= 1988–89 Primera División de Baloncesto =

The 1988–89 Primera División season was the second category of the Spanish basketball league system during the 1988–89 season. It was the first played with the name of Primera División.

== Format ==
16 teams played this season.

- Regular Season
  - League of 16 teams in a single group where they play all against all in two rounds.
  - The last two teams are relegated to Segunda Division.

- Promotion playoffs
  - The top 8 play two knockout rounds for promotion. The first round is the best of 3 matches (first and third matches are played at the home of the best classified in the previous phase) and the second to the best of 5 (first, third and fifth matches are played at the home of the best classified in the phase previous). The two winners go up to the ACB League.

- Relegation playoffs
  - Those classified between the 11th to 14th places play a best of 5 matches (first, third and fifth matches are played at the home of the best classified in the previous phase), the 2 losers go down to Segunda Division.

== Teams ==

=== Promotion and relegation (pre-season) ===
A total of 16 teams contested the league, including 11 sides from the 1987–88 season, two promoted from the Segunda División and three Wild Cards.

- Teams promoted from Segunda División
- Cajahuelva
- CB Torrejon

- Wild Cards
- CAB Obradoiro, who obtained a relegation place the previous season.
- Tenerife Sur, who obtained a relegation place the previous season.
- Syrius Patronato

- Teams that resigned to participate
- Ordenadores APD Mataró
- CB Tizona sold his place to Caja Badajoz, who obtained a relegation place the previous season.

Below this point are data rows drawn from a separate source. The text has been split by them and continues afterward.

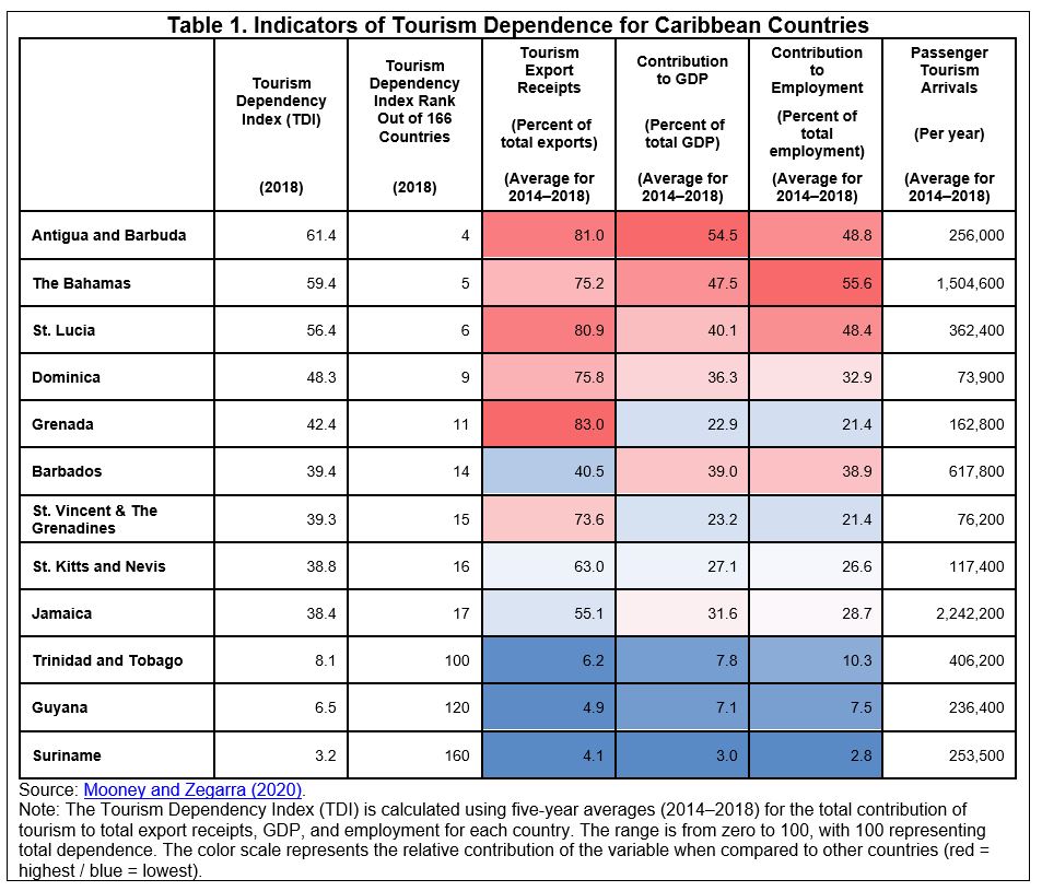 Indicators of Tourism Dependence: Caribbean countries are among the world’s most dependent on tourism with respect to the three critical variables included in the TDI index. For example, over three-quarters of export receipts are linked to tourism in Antigua and Barbuda, The Bahamas, Dominica, and Grenada (Table 1). Similarly, the total contribution of tourism is 40 percent or more in terms of both GDP and employment for Antigua and Barbuda, The Bahamas, St. Lucia, and Barbados. Taken together, this suggests that the Caribbean could be the most adversely affected region in the world in terms of the economic impact of COVID-19.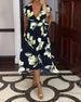 SPECIFICATIONS Style: Casual Material: Cotton Blends Dress Type: Shift dress Dress Length: Midi Neckline: V neck_V Pattern Type: Print Sleeve Type: Regular sleeve Sleeve Length: 3/4 Sleeve Details: Lace Up Fit Type: Regular Season: Spring,Summer Occasion: Daily Package Includes: 1 x Dress SIZE TABLE Size Bust Length CM INCH CM INCH...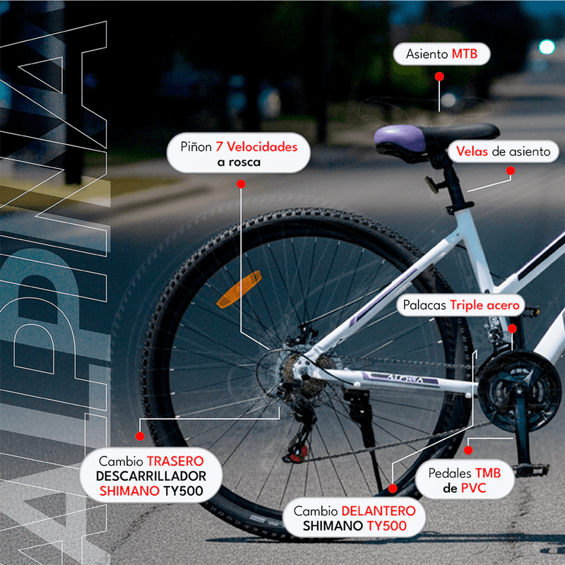 ALPINA 2.0 PRO EDICION LIMITADA ULTRA LADY MUJER, totalmente mejorada, cuadro mas liviano de aluminio, Shifters Shimano EF41, horquilla con regulación y bloqueo y cubiertas reforzadas.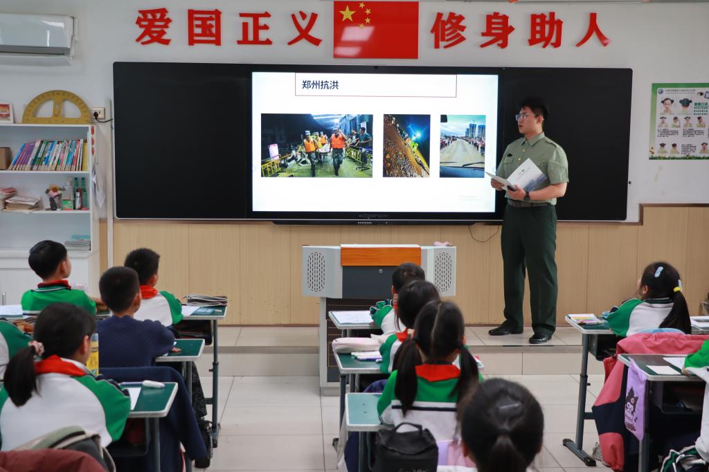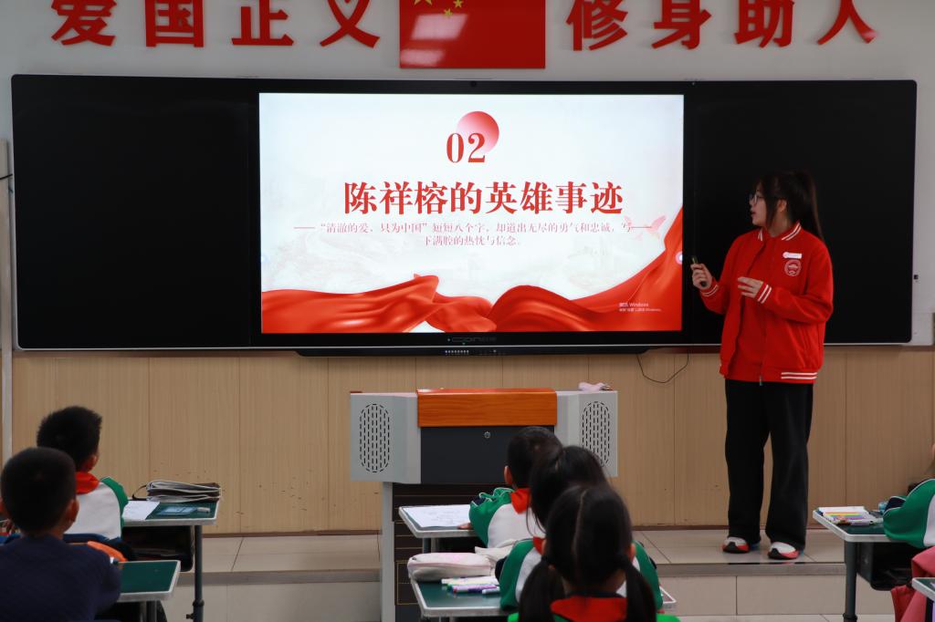 活动现场,退役士兵楚林垚身着军装登台,以“军人的信仰”为题,结合自身在军营中坚守岗位、甘于奉献的亲身经历,用“站军姿磨破的作训服”“深夜巡逻的手电光”等细节,向小学生诠释“忠诚与担当”的朴素内涵,国防教育种子悄然播撒。随后,“青马工程”学员张玉丽接力讲述卫国戍边英雄陈祥榕等先烈事迹,当“清澈的爱,只为中国”的誓言被全场齐诵,孩子们挺直腰板、目光坚定,有的眼眶微红,有的小声念叨“英雄好厉害”。
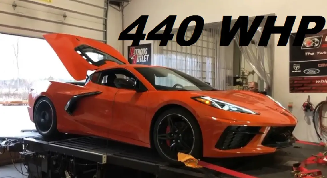 Customers just started taking home their new C8 Corvettes and tuners like Carlyle Racing in Plain City, Ohio are already ripping into them for some serious drag racing. Carlye Racing wrapped up dyno runs on a stock C8 Corvette with just 24 miles on the odometer and already installed a huge bottle of nitrous in the frunk, ready for a drag strip run sooner rather than later.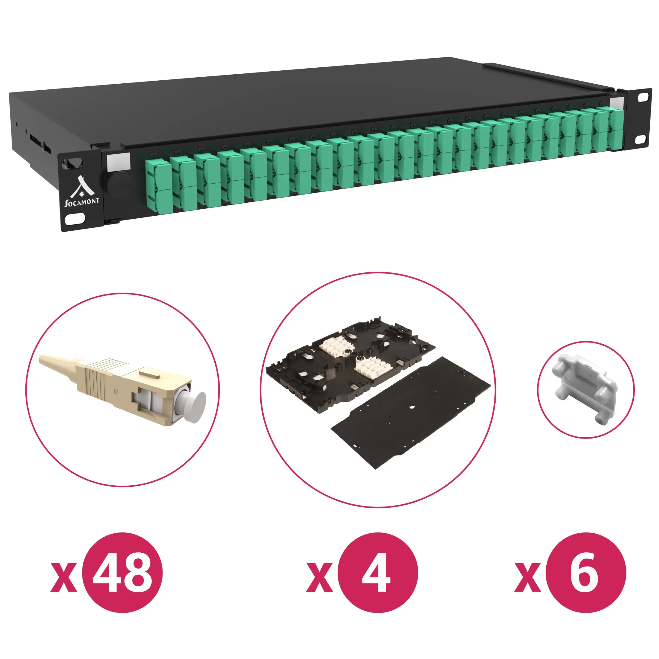 Ce pack tiroir optique 19 pouces avec accessoires est composé d'un tiroir réf.88610, de 48 pigtails, de4cassettes d'épissurage et de 6 clips de fixation pour les cassettes.

=== Venues and locations ===

| Team | Home city |
|---|---|
| BC Andorra | AND Andorra la Vella |
| CAB Obradoiro | Santiago de Compostela |
| Caixa Ourense | Ourense |
| Caja Badajoz | Badajoz |
| Caja San Fernando | Sevilla |
| Cajahuelva | Huelva |
| CB Guadalajara | Guadalajara |
| CB Oviedo | Oviedo |
| CB Torrejón | Torrejón de Ardoz |
| CD Cajamadrid | Alcalá de Henares |
| Elosúa León | León |
| Júver Murcia | Murcia |
| Lagisa Gijón | Gijón |
| Santa Coloma | Santa Coloma de Gramenet |
| Syrius Patronato | Palma de Mallorca |
| Tenerife Sur | Arona |

== Regular season ==

| Pos | Team | Pld | W | L | PF | PA | PD | Pts | Qualification or relegation |
| 1 | CD Cajamadrid | 30 | 20 | 10 | 2862 | 2668 | +194 | 50 | Qualification to Promotion |
| 2 | Syrius Patronato | 30 | 19 | 11 | 2629 | 2594 | +35 | 49 |
| 3 | Lagisa Gijón | 30 | 19 | 11 | 2739 | 2610 | +129 | 49 |
| 4 | Caixa Ourense | 30 | 19 | 11 | 2552 | 2454 | +98 | 49 |
| 5 | Júver Murcia | 30 | 19 | 11 | 2523 | 2401 | +122 | 49 |
| 6 | Caja San Fernando | 30 | 17 | 13 | 2723 | 2600 | +123 | 47 |
| 7 | Caja Badajoz | 30 | 17 | 13 | 2620 | 2602 | +18 | 47 |
| 8 | CB Guadalajara | 30 | 17 | 13 | 2577 | 2494 | +83 | 47 |
| 9 | CB Oviedo | 30 | 16 | 14 | 2556 | 2534 | +22 | 46 |  |
| 10 | BC Andorra | 30 | 15 | 15 | 2552 | 2539 | +13 | 45 |
| 11 | Elosúa León | 30 | 14 | 16 | 2620 | 2663 | −43 | 44 | Qualification to Relegation |
| 12 | Cajahuelva | 30 | 13 | 17 | 2878 | 2721 | +157 | 43 |
| 13 | CAB Obradoiro | 30 | 10 | 20 | 2468 | 2680 | −212 | 40 |
| 14 | Santa Coloma | 30 | 10 | 20 | 2499 | 2555 | −56 | 40 |
| 15 | Tenerife Sur | 30 | 9 | 21 | 2339 | 2654 | −315 | 39 | Relegation to Segunda División |
| 16 | CB Torrejón | 30 | 6 | 24 | 2653 | 2819 | −166 | 36 |

== PlayOffs ==

=== Promotion playoffs ===

Semifinal winners are promoted to Liga ACB.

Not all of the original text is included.